### About this exercise
Omit all images, then repeat exactly the lines below from the one containing "Uudessa tutkimuksessa selvitettiin" through the one containing "On the ground", both ends included.

### Listed records
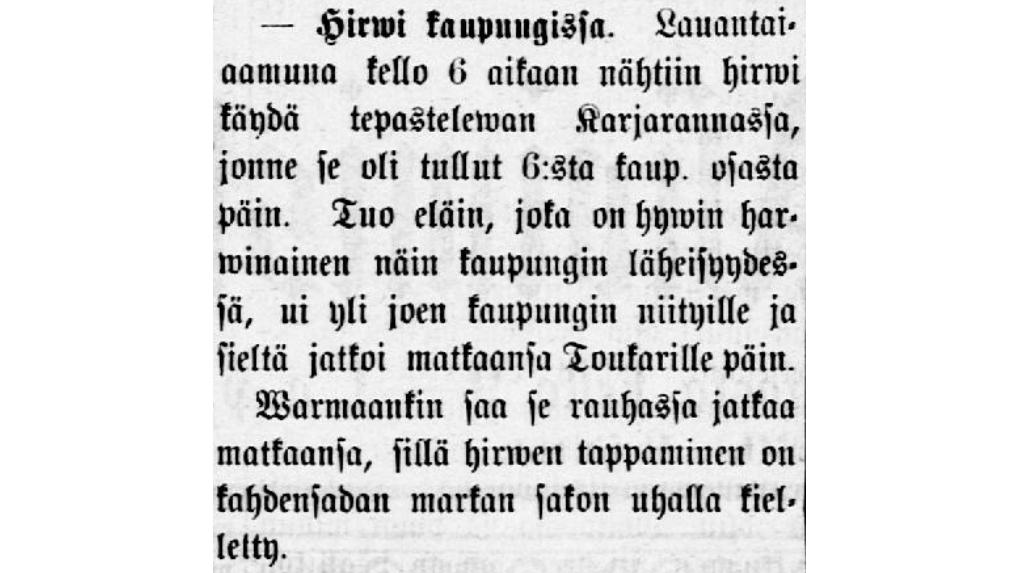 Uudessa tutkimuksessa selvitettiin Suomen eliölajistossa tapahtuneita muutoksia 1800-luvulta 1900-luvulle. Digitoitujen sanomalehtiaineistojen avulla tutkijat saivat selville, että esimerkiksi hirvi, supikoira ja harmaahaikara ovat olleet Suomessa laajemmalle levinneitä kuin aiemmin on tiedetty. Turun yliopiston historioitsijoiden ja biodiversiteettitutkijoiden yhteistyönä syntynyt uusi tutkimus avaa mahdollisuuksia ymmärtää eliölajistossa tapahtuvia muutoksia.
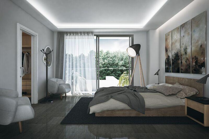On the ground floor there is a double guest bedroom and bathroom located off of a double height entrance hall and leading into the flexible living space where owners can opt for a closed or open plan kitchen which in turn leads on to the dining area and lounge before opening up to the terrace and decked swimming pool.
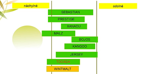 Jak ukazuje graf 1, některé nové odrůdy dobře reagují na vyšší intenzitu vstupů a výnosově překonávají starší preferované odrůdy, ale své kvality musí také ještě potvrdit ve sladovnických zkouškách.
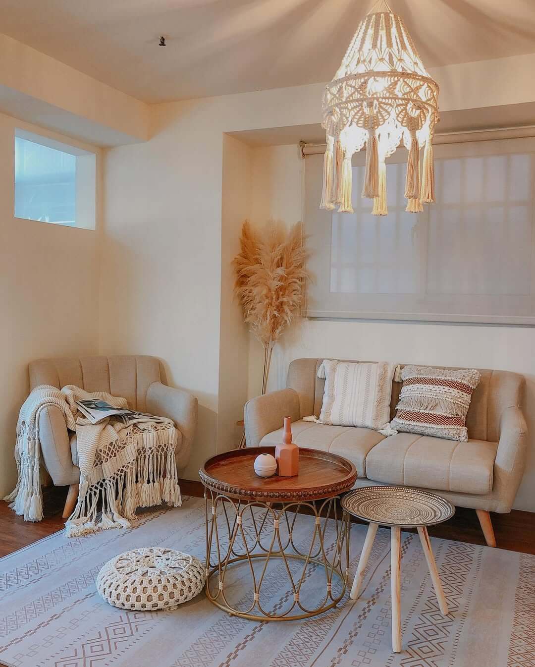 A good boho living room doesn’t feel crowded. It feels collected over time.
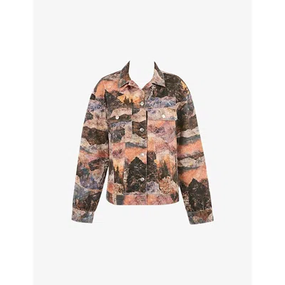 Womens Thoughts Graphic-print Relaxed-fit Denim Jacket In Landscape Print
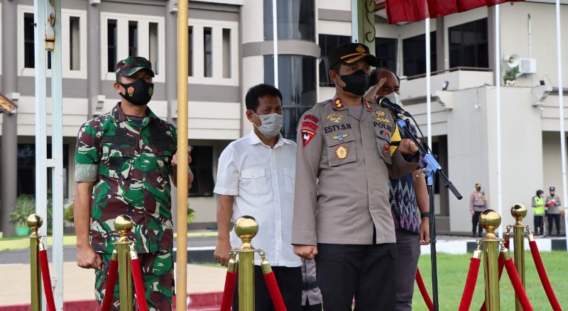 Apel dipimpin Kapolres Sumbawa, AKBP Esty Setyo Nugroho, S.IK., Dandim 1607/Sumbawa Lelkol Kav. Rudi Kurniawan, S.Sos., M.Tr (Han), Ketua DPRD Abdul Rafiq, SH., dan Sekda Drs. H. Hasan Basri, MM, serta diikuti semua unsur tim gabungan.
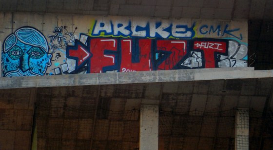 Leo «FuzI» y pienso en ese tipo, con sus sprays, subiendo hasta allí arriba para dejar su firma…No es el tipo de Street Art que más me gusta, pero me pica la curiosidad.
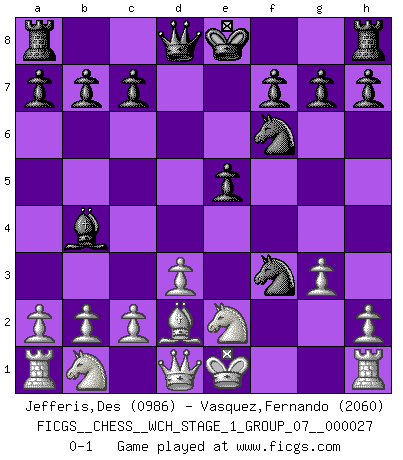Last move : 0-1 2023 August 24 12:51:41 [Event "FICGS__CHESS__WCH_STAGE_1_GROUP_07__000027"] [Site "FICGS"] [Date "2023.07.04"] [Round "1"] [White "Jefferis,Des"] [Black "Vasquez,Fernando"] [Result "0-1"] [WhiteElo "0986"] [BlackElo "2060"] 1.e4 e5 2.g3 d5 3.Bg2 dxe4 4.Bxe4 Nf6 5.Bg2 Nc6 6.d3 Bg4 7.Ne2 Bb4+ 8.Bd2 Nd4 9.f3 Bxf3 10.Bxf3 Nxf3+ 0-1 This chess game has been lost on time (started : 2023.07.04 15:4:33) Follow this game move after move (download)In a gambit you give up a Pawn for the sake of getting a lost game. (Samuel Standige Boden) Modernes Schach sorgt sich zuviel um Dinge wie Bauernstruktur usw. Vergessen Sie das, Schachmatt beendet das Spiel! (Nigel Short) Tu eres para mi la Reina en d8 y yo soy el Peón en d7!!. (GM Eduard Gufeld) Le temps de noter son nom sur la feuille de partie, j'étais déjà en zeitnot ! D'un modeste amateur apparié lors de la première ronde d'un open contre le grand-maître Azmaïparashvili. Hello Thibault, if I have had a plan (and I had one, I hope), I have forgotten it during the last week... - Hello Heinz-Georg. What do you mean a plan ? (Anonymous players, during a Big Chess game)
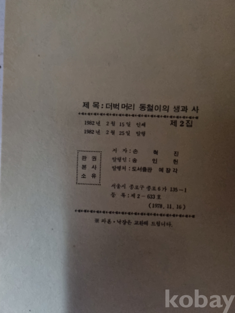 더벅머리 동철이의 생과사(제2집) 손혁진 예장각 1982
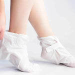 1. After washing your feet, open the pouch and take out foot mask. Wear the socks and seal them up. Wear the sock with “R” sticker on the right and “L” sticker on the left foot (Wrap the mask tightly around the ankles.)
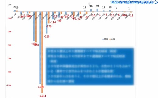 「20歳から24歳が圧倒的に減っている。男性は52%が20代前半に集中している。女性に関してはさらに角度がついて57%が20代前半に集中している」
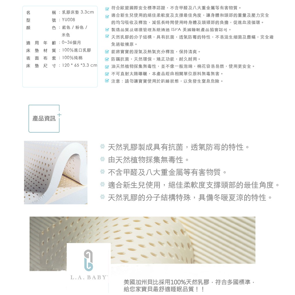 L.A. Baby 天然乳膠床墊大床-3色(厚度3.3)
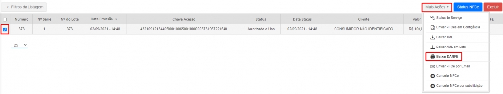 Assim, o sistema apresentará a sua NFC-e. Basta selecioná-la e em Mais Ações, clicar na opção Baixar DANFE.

--

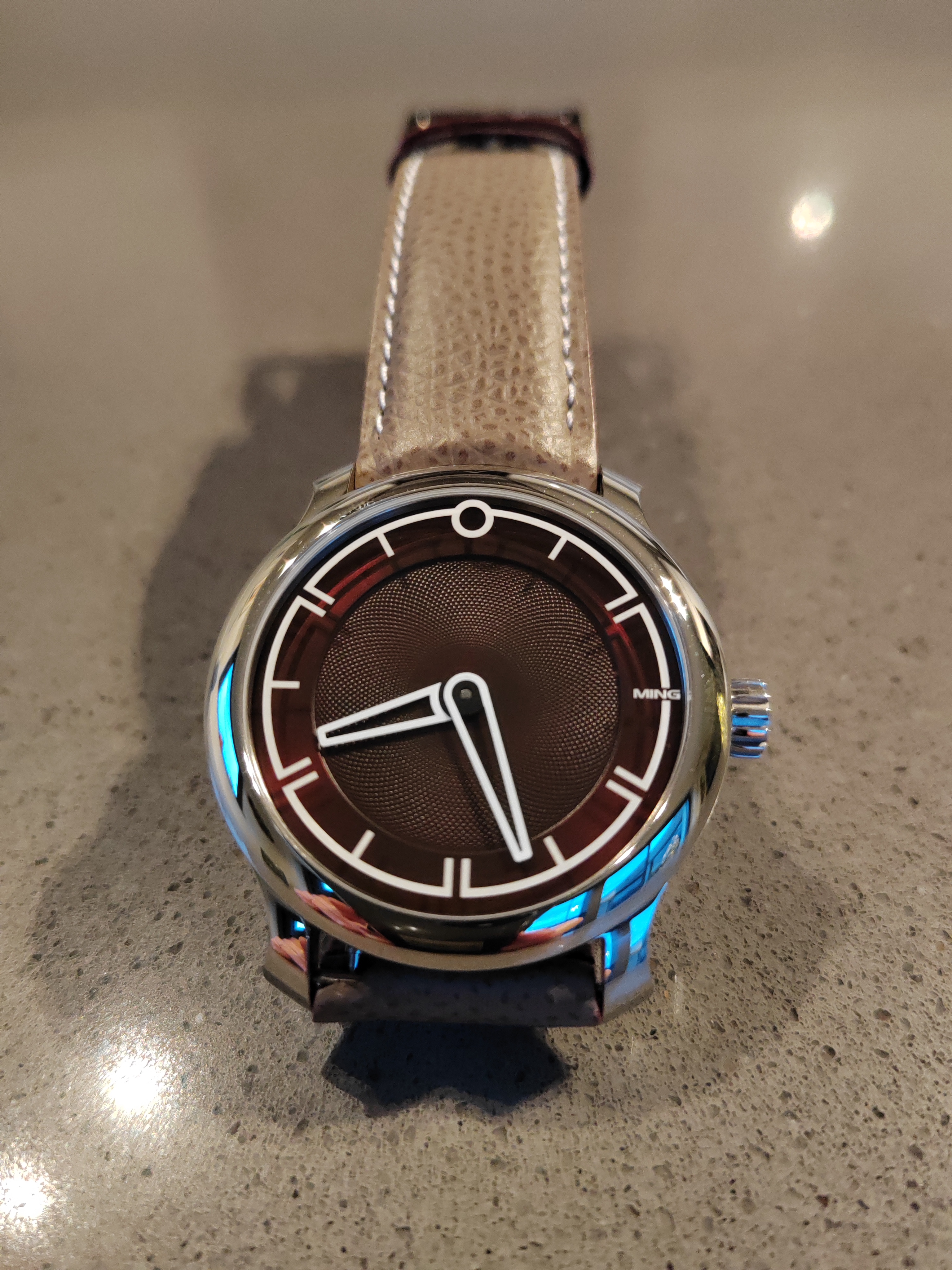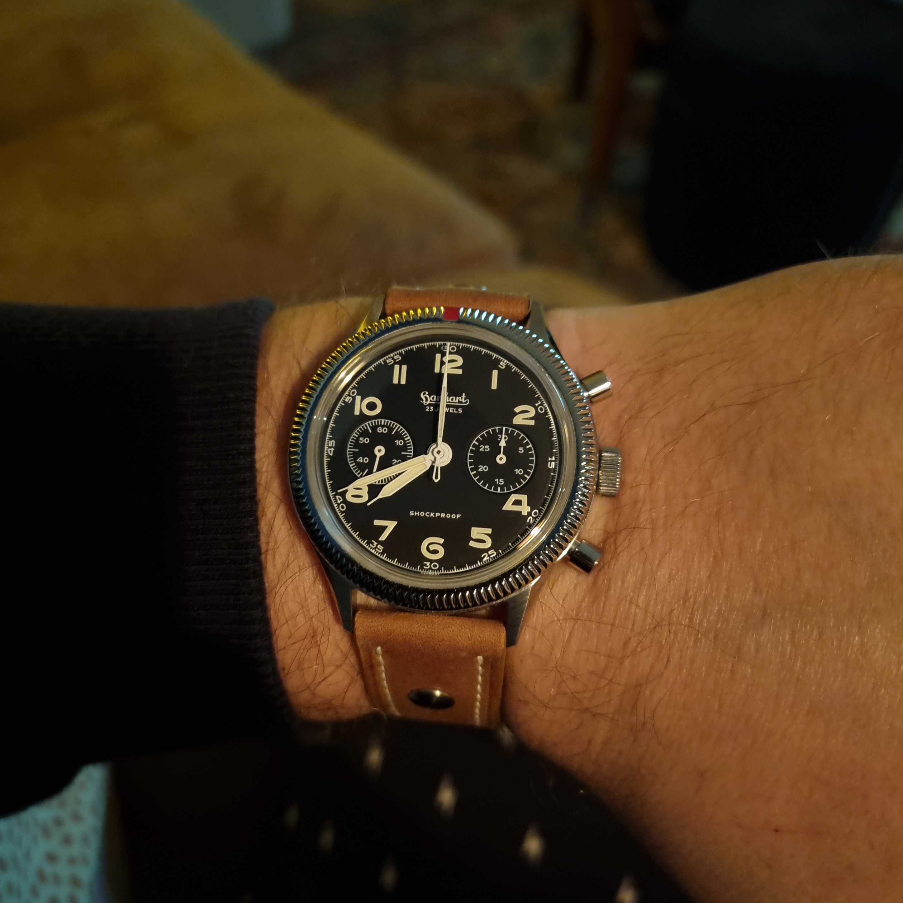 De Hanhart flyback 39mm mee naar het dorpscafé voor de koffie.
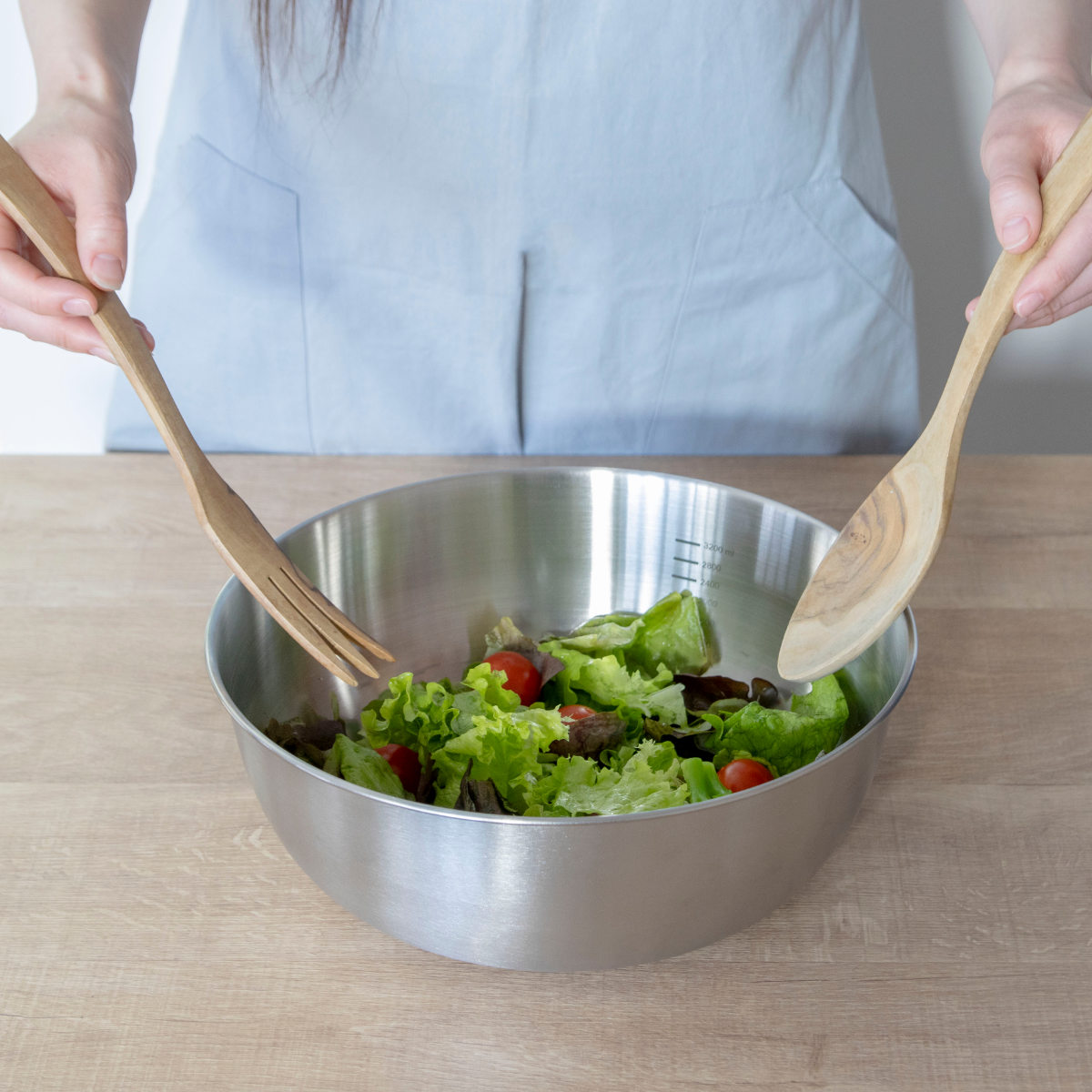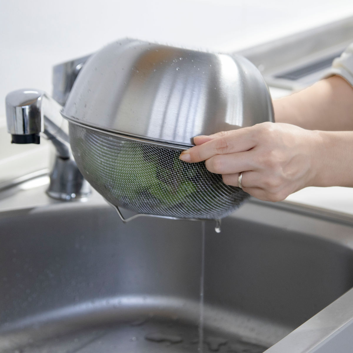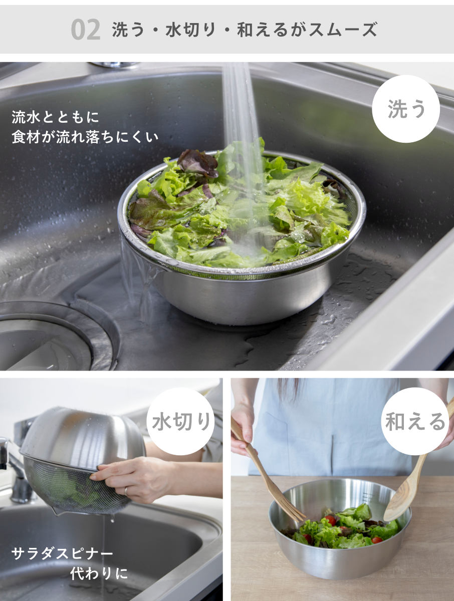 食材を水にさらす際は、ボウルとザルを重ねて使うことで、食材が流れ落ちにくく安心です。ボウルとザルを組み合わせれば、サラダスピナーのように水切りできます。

### Solved problem
 Uudessa tutkimuksessa selvitettiin Suomen eliölajistossa tapahtuneita muutoksia 1800-luvulta 1900-luvulle. Digitoitujen sanomalehtiaineistojen avulla tutkijat saivat selville, että esimerkiksi hirvi, supikoira ja harmaahaikara ovat olleet Suomessa laajemmalle levinneitä kuin aiemmin on tiedetty. Turun yliopiston historioitsijoiden ja biodiversiteettitutkijoiden yhteistyönä syntynyt uusi tutkimus avaa mahdollisuuksia ymmärtää eliölajistossa tapahtuvia muutoksia.
On the ground floor there is a double guest bedroom and bathroom located off of a double height entrance hall and leading into the flexible living space where owners can opt for a closed or open plan kitchen which in turn leads on to the dining area and lounge before opening up to the terrace and decked swimming pool.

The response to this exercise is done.